Well, let's first differentiate between "gateway", "route", and the misleading shortcut "default gateway" which actually means "default route's gateway".
To talk to other devices inside its own IP subnet (which typically maps 1:1 to a VLAN ID but it is not a law of physics), a device needs no gateway as these are reachable directly on L2. So routes with one of own subnets as destination have the corresponding interface itself as a gateway. Such subnets are called "connected" ones.
To talk to devices outside connected subnets, the device needs to send the packets via a router device in one of the connected subnets (a gateway router), so the routes to these destinations indicate IP addresses of these routers as gateways. And one of the routes may be a default one (which is used if no other route matches more narrowly). And since many end devices, like the PCs, have no other routes configured, the shortcut became known as "default gateway" (because you only have to configure the gateway information, whereas the
dst-address=0.0.0.0/0 part is implicit).
So... as long as you only need the PC to talk to other devices in the same VLAN/subnet where it is connected via the tunnel, and to the rest of the world via the WAN of the Mikrotik to which it is connected, what I wrote earlier is enough - the default gateway for that PC will be the own IP address, in the subnet where the PC is connected, of the Mikrotik where the PC is connected, and that's it (so the Mikrotik at each end of the tunnel must have its own IP in each of the two subnets which live in each of the two VLANs).

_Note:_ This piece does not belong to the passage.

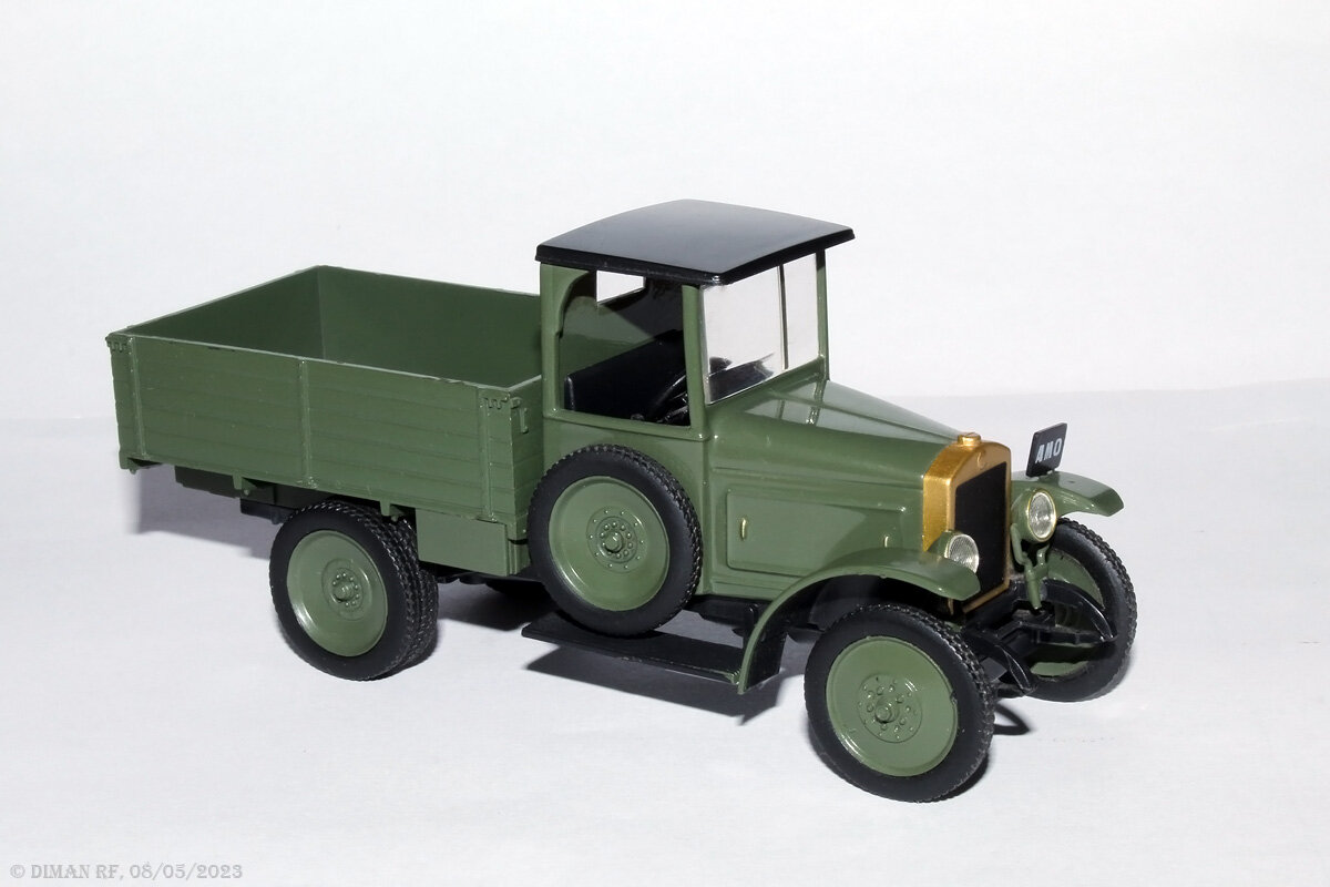 Грузовой автомобиль АМО-Ф15 являлся первым советским грузовиком, разработанным на базе итальянского грузовика FIAT 15 Ter. Впервые модель АМО-Ф15 вышла в 2012 году в журнальной серии «Автолегенды СССР» под № 87, а модель из моей коллекции относится к перевыпуску модели в серии «Автолегенды СССР. Лучшее» № 12 двумя годами позже. Так как автомобиль нельзя назвать примелькавшимся, то и к его облику придираться сложно. В модели передан образ грузовика позднего выпуска (когда складную брезентовую крышу сменила жёсткая, изменилась бортовая платформа и радиатор) из музея АМО «ЗиЛ» со всеми неточностями, присущими этому восстановленному автомобилю. Но тот музейный автомобиль выкрашен в красный цвет, а в модели попытались изобразить более классический цвет этих грузовиков Вместо эмблемы на радиаторе изображён пустой кружок. На левом крыле есть пластина для крепления номерного знака. Радиатор почему-то вместо острых граней в верхней части получил округлые, что повело за собой неверную форму кап
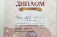 Поздравляем Шашину Марию, ученицу 10 класса, занявшую 1 место во всероссийском конкурсе письменного перевода среди учащихся школ и учреждений среднего профессионального образования. Конкурс проводился кафедрой иностранных языков в профессиональной коммуникации Казанского федерального университета. Учитель Новикова Ксения Андреевна.

If you want that the PC at the BO end can access also some other, non-connected, subnets in the HQ network via the VLAN tunnel, the situation is more complex. If you add these routes to the BO Mikrotik itself, what should happen is that the PC sends the packet to the BO Mikrotik, the BO Mikrotik determines that the in-interface and out-interface of the packet are the same, so it sends an ICMP notification about a better gateway to the PC, which should accept it and send the packet to the HQ Mikrotik (and cache this for a while so it will send the subsequent packets via the HQ mikrotik straight away). So try this first, and if it doesn't help, come back, I'll write something regarding dynamic configuration of client's routing tables using DHCP.